Model Catalog
KULVEX maintains a curated catalog of abliterated models optimized for self-hosted inference.
Available Models
Chat / General Purpose
| Model | Params | GGUF Quants | Min VRAM | Source |
|---|---|---|---|---|
| Qwen 3.5 27B | 27B | Q4_K_M, Q6_K, Q8_0 | 16 GB | mradermacher |
| Gemma 3 27B | 27B | Q4_K_M, Q6_K, Q8_0 | 16 GB | mlabonne |
| Qwen 3 14B | 14B | Q4_K_M, Q6_K, Q8_0 | 8 GB | huihui-ai |
| Qwen 3 8B | 8B | Q4_K_M, Q6_K, Q8_0 | 5 GB | huihui-ai |
| Qwen 3 4B | 4B | Q4_K_M, Q8_0 | 3 GB | huihui-ai |
Code
| Model | Params | GGUF Quants | Min VRAM | Source |
|---|---|---|---|---|
| GLM-4.7 Flash 30B | 30B (MoE, 3.3B active) | Q4_K_M, Q8_0 | 18 GB | huihui-ai |
| Devstral 24B | 24B | Q4_K_M, Q6_K | 14 GB | mradermacher |
Vision
| Model | Params | GGUF Quants | Min VRAM | Source |
|---|---|---|---|---|
| Gemma 3 12B Vision | 12B | Q4_K_M, Q6_K | 8 GB | mlabonne |
| GLM-OCR 0.9B | 0.9B | Q8_0 | 2 GB | huihui-ai |
Quantization Guide
| Quant | Quality | Size vs FP16 | When to Use |
|---|---|---|---|
| Q8_0 | ~97% | ~50% | Best quality, fits in VRAM |
| Q6_K | ~92% | ~40% | Good balance |
| Q4_K_M | ~85% | ~28% | Most popular, fits smaller GPUs |
Higher quantization = better quality but more VRAM. The installer picks the best quant that fits your GPU.
How Selection Works
- Installer detects your GPU(s) and VRAM
- Model selector iterates the catalog by priority
- For each model, tries quants from highest to lowest (Q8_0 → Q6_K → Q4_K_M)

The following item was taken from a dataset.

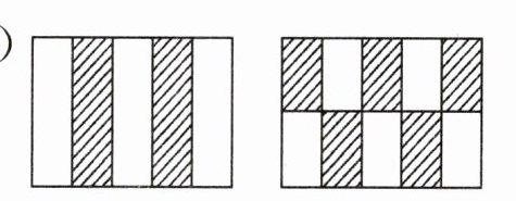 (1) 第一个图形把一个长方形平均分成$5$份,阴影部分占$3$份,所以表示的分数是$\frac{3}{5}$;

- Picks the largest model at the highest quant that fits
- Downloads the GGUF from HuggingFace and creates a symlink (
mnemo-chat.gguf)
Adding Models
The model catalog is at core/ai_engine/model_catalog.py. To add a model:
- Find an abliterated GGUF on HuggingFace
- Add a
CatalogModelentry with GGUF quants, VRAM requirements, and capabilities - The selector will automatically consider it during installation
API
# List all catalog models
curl http://localhost:9100/api/ai/catalog
# Filter by VRAM
curl http://localhost:9100/api/ai/catalog?vram_mb=12000
# See current model assignment
curl http://localhost:9100/api/ai/model-assignment